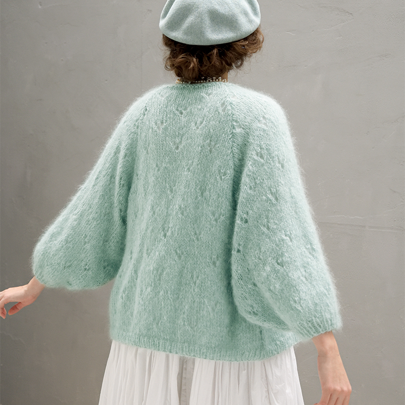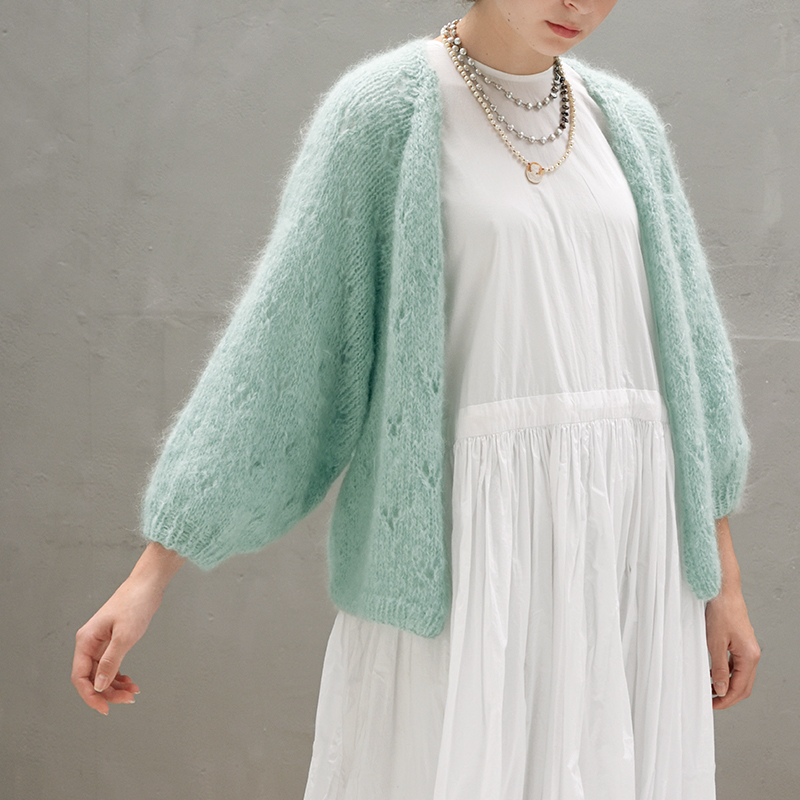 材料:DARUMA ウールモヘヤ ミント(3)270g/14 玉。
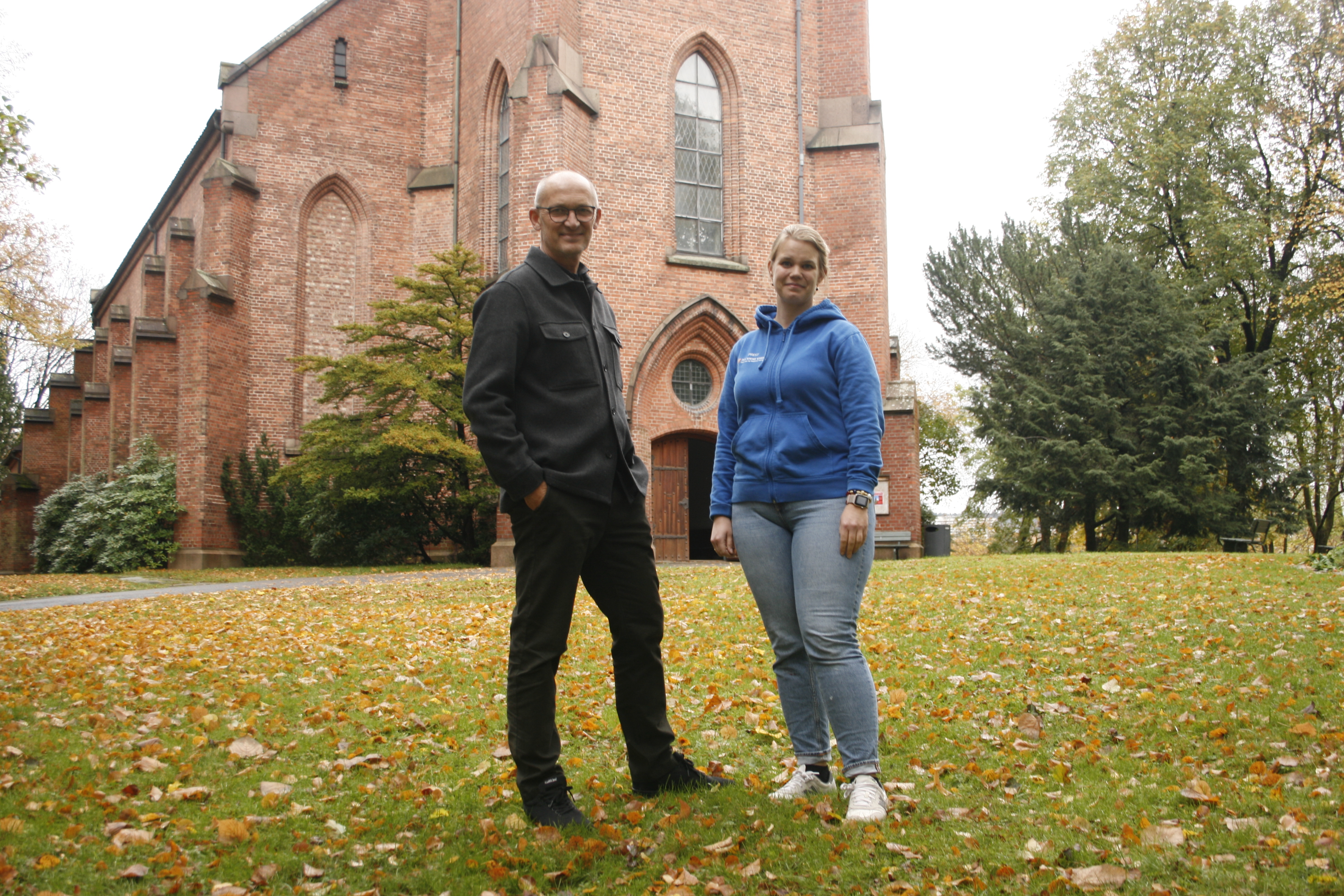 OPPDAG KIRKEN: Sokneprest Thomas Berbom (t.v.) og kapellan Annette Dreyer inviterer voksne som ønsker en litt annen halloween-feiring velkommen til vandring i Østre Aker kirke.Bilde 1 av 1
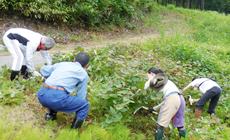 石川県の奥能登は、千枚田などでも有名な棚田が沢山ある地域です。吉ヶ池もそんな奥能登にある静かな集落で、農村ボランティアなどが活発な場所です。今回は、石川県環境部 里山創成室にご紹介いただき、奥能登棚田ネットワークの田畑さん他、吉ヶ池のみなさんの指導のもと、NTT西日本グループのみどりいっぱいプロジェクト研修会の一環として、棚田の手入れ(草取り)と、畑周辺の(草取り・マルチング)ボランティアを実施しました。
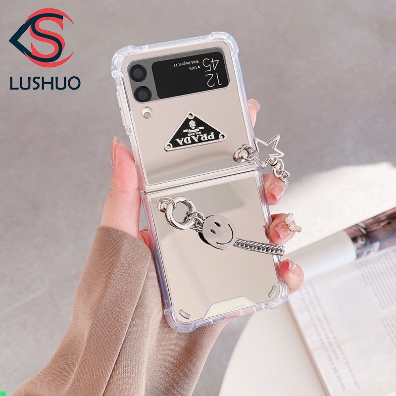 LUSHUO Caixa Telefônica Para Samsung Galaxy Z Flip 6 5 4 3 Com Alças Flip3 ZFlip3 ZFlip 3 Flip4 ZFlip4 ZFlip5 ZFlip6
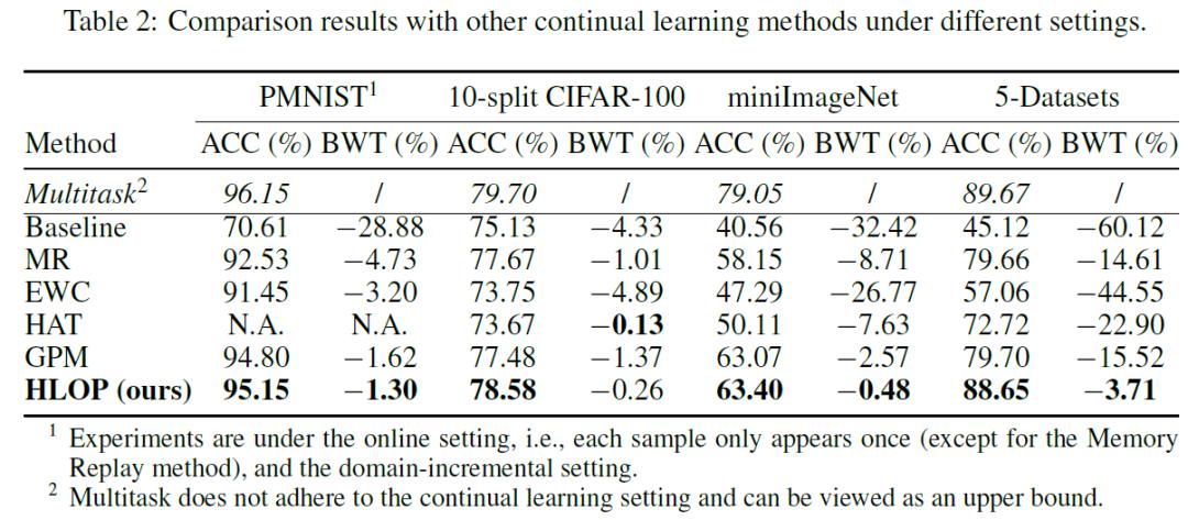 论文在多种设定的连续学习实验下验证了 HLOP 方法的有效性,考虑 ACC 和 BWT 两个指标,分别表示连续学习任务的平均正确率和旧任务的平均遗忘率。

* * *

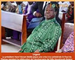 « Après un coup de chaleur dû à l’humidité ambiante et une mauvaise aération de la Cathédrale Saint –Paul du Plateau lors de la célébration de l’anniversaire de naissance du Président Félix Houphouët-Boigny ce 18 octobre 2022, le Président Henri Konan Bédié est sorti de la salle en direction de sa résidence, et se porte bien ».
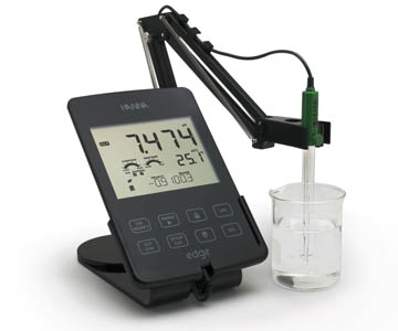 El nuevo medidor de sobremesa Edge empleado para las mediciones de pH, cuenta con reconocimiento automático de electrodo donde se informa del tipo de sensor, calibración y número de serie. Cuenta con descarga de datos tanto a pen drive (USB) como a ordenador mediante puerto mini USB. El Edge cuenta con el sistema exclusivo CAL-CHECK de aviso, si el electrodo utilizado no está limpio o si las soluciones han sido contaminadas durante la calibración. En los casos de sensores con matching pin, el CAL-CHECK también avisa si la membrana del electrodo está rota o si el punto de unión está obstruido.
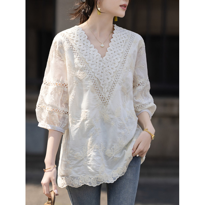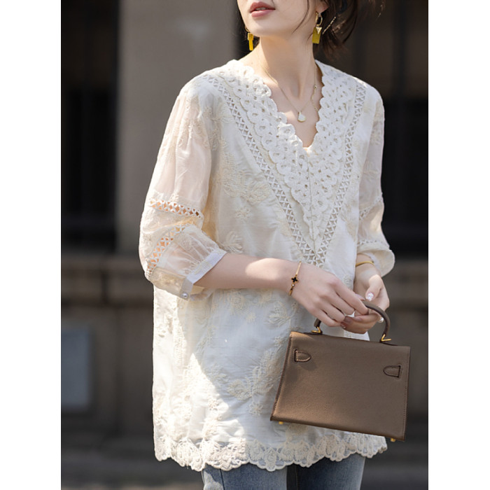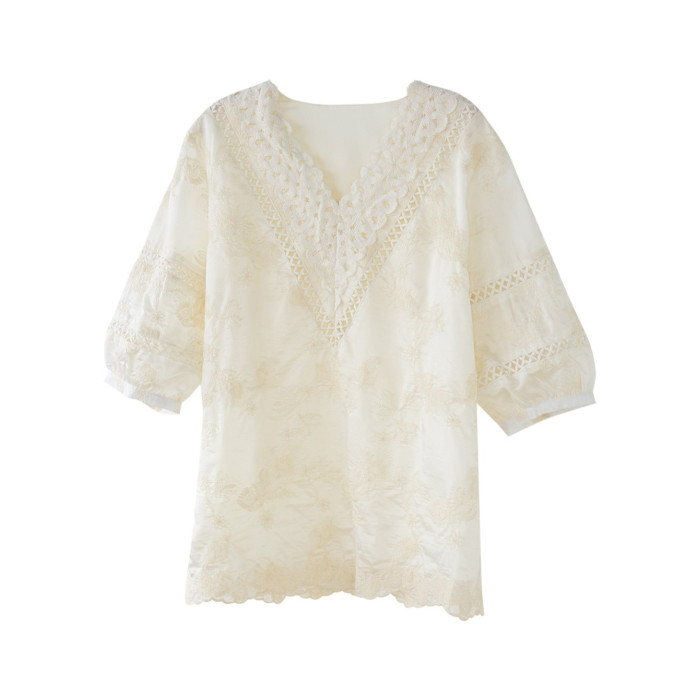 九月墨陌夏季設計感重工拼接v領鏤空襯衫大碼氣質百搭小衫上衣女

* * *

Excerpt from the records above: set down only the lines from the one that contains "材料:DARUMA ウールモヘヤ ミント(3)270g/14 玉。" through the one that contains "OPPDAG KIRKEN: Sokneprest", inclusive, word for word. Pictures stay out.

 材料:DARUMA ウールモヘヤ ミント(3)270g/14 玉。
 OPPDAG KIRKEN: Sokneprest Thomas Berbom (t.v.) og kapellan Annette Dreyer inviterer voksne som ønsker en litt annen halloween-feiring velkommen til vandring i Østre Aker kirke.Bilde 1 av 1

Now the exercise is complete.